Segment Open

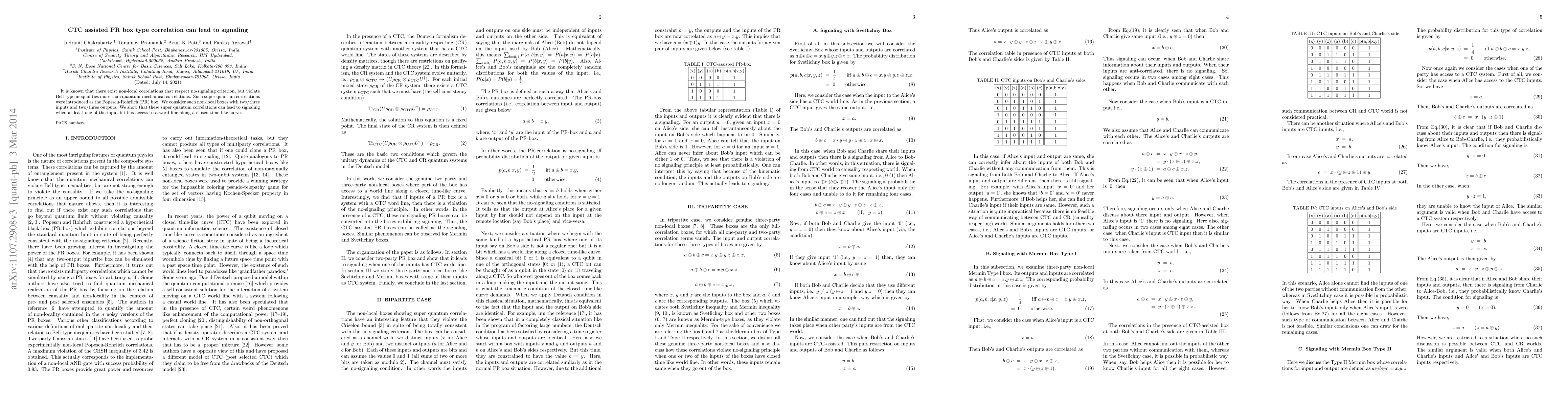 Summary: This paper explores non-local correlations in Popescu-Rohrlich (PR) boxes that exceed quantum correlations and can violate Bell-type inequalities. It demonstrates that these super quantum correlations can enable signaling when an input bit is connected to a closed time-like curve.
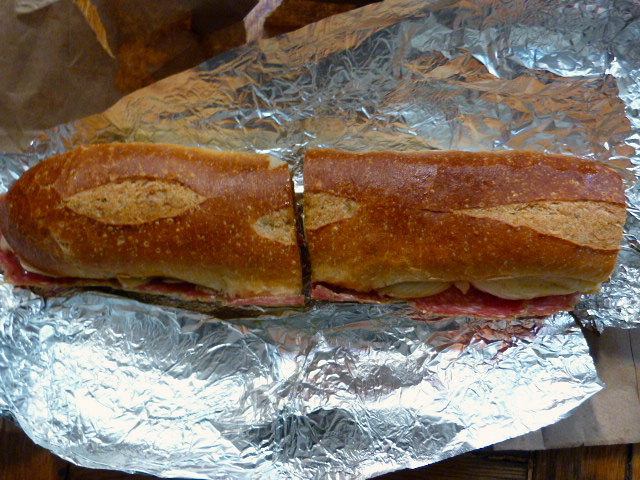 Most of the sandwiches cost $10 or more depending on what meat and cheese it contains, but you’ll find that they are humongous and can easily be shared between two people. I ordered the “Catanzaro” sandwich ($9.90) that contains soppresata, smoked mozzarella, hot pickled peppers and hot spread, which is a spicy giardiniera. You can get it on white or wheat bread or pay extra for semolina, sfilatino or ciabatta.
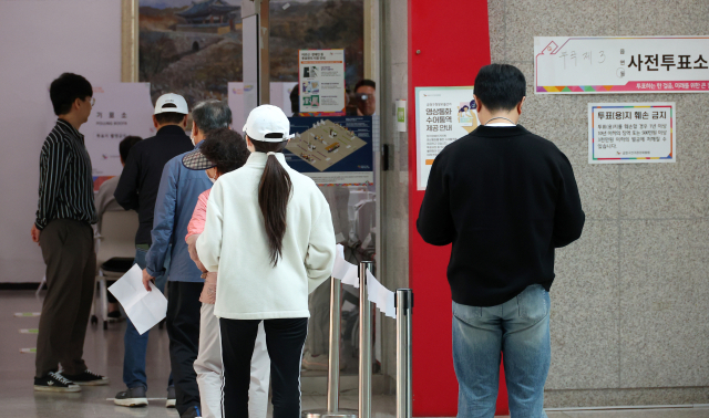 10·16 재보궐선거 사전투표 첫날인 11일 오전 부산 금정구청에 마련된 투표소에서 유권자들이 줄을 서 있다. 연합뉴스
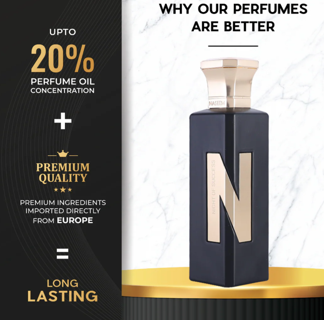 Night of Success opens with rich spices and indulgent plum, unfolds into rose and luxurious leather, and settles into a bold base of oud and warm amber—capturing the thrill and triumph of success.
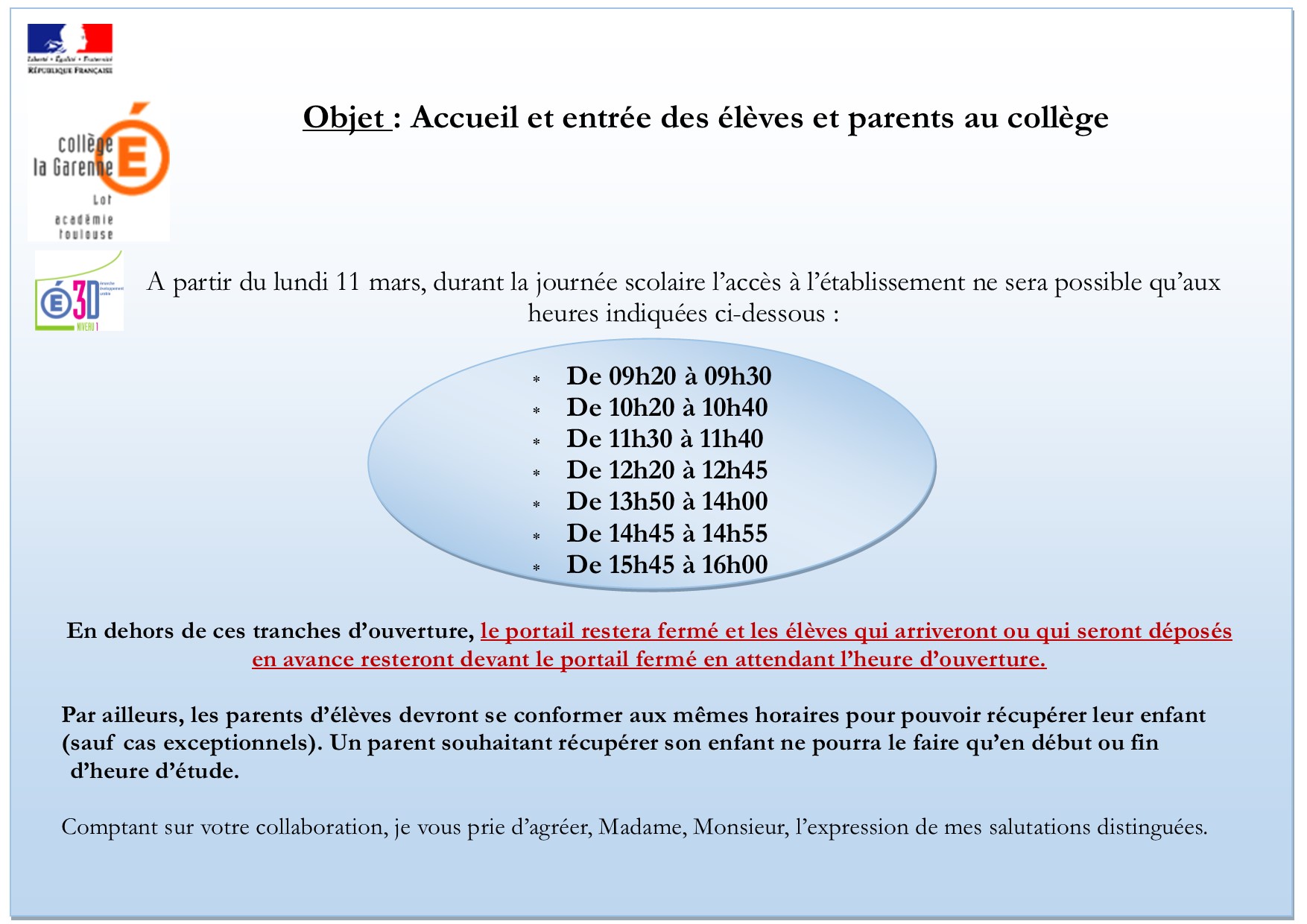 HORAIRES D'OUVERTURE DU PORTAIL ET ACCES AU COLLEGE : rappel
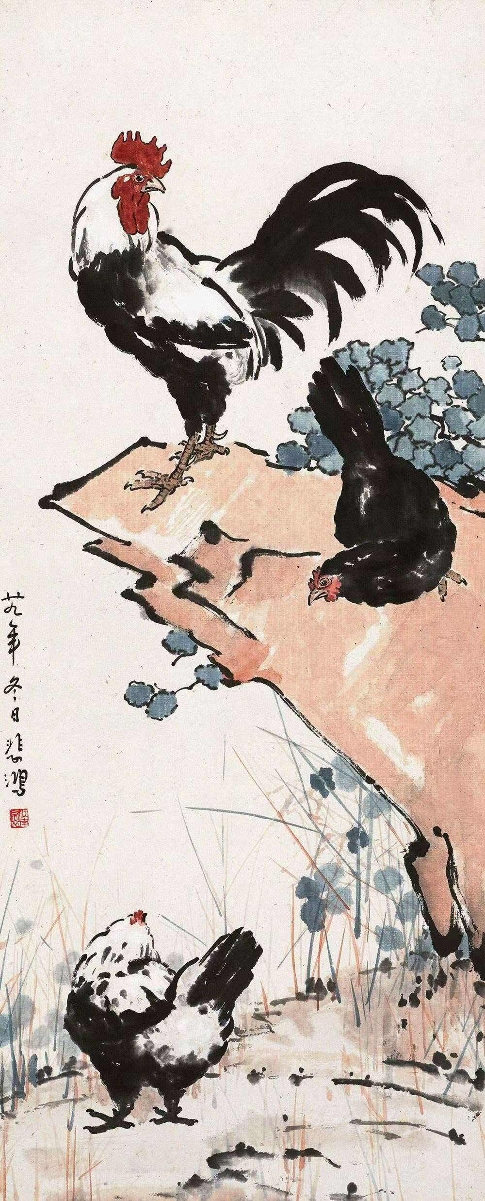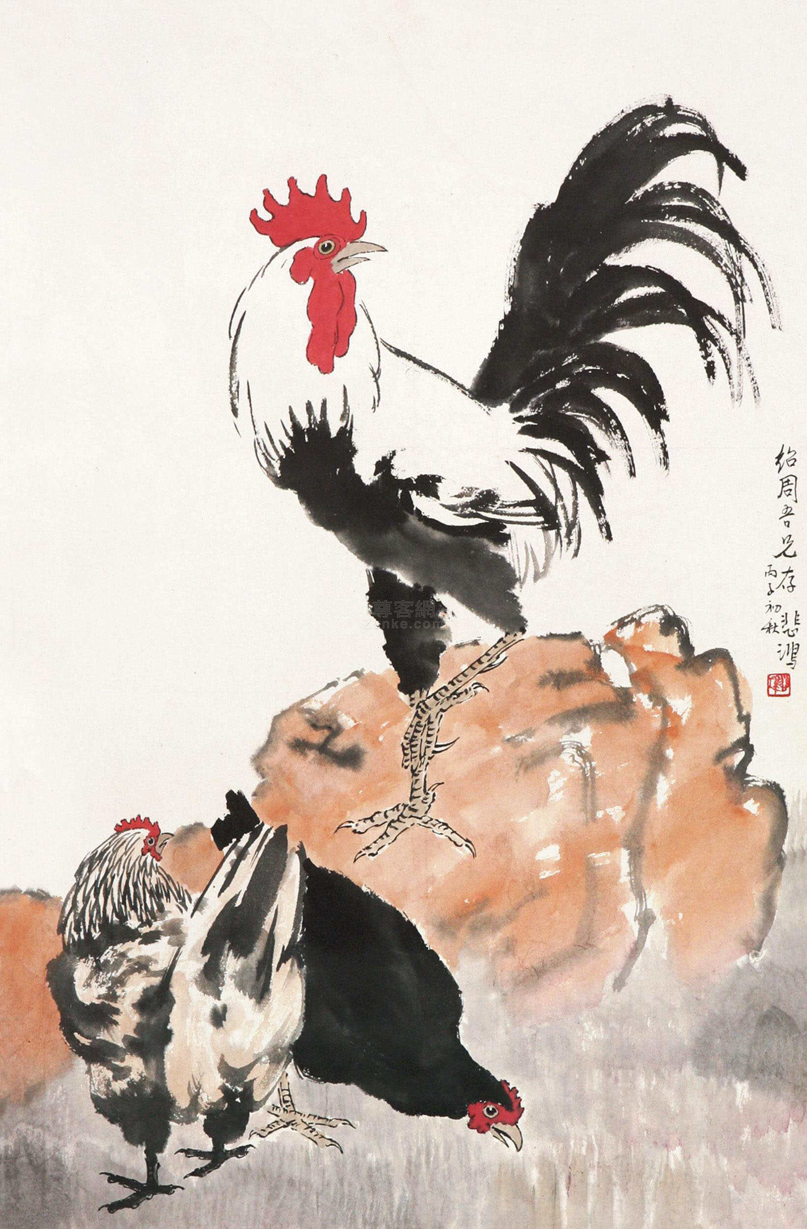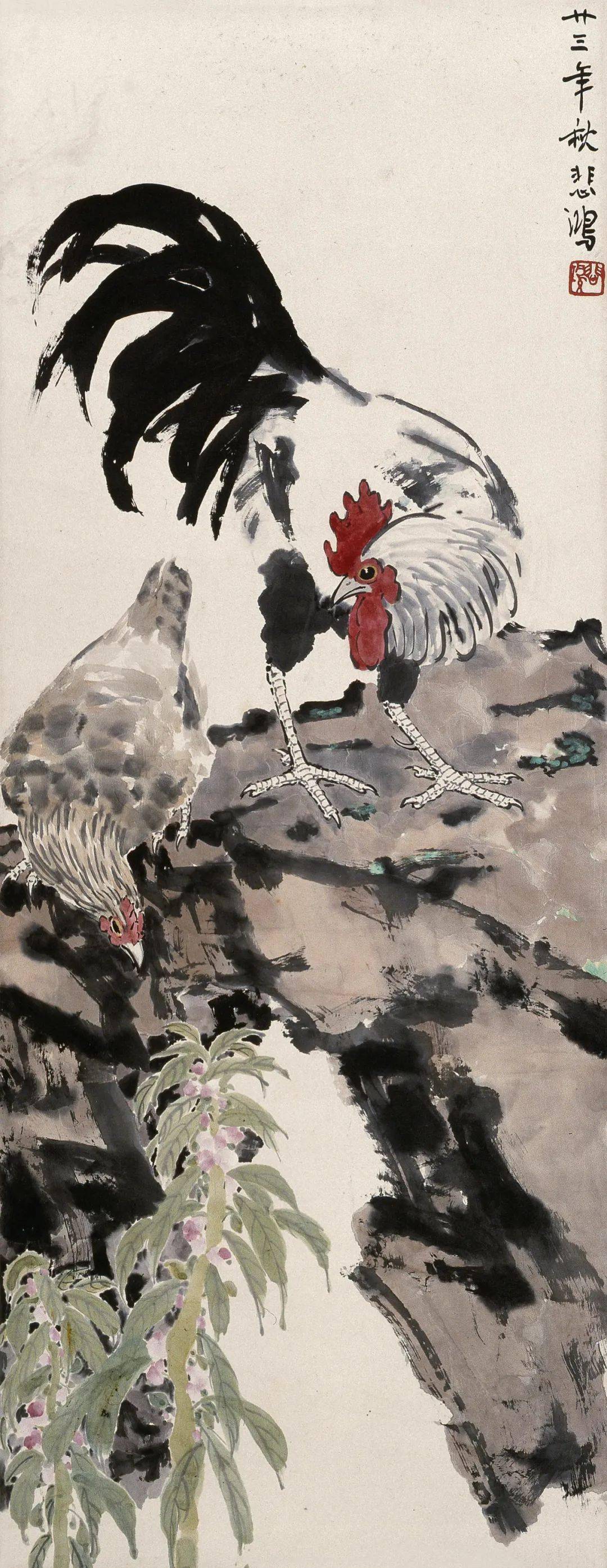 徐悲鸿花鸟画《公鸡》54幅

Segment Closed
Segment Open

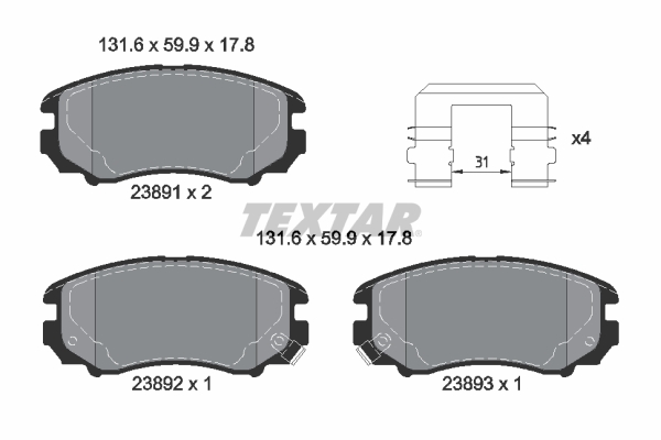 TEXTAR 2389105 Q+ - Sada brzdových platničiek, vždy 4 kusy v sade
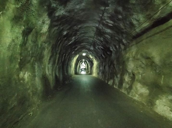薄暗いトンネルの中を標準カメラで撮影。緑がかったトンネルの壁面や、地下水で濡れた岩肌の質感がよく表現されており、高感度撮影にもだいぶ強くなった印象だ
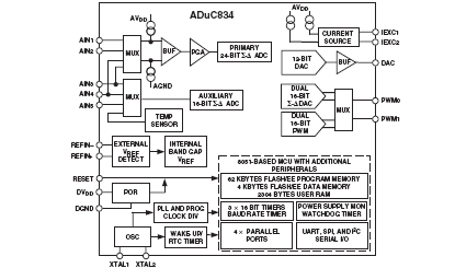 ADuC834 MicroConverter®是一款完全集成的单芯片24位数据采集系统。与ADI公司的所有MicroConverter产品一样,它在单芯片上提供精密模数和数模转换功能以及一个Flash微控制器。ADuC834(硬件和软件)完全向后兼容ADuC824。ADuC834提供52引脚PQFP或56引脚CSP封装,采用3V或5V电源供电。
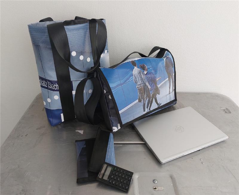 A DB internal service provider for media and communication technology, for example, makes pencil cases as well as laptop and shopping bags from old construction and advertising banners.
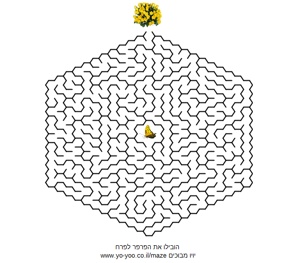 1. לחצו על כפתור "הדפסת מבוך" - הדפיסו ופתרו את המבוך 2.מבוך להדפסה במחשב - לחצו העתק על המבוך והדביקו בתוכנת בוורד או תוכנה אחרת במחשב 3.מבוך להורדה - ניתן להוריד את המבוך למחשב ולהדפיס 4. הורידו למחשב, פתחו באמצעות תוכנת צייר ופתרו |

Segment Closed

TO DO. Find the line with "HORAIRES D'OUVERTURE DU" and the line with "徐悲鸿花鸟画《公鸡》54幅" in the records above. Copy both and all lines between them exactly, without pictures.

ANSWER FOR THIS EXERCISE.
 HORAIRES D'OUVERTURE DU PORTAIL ET ACCES AU COLLEGE : rappel
 徐悲鸿花鸟画《公鸡》54幅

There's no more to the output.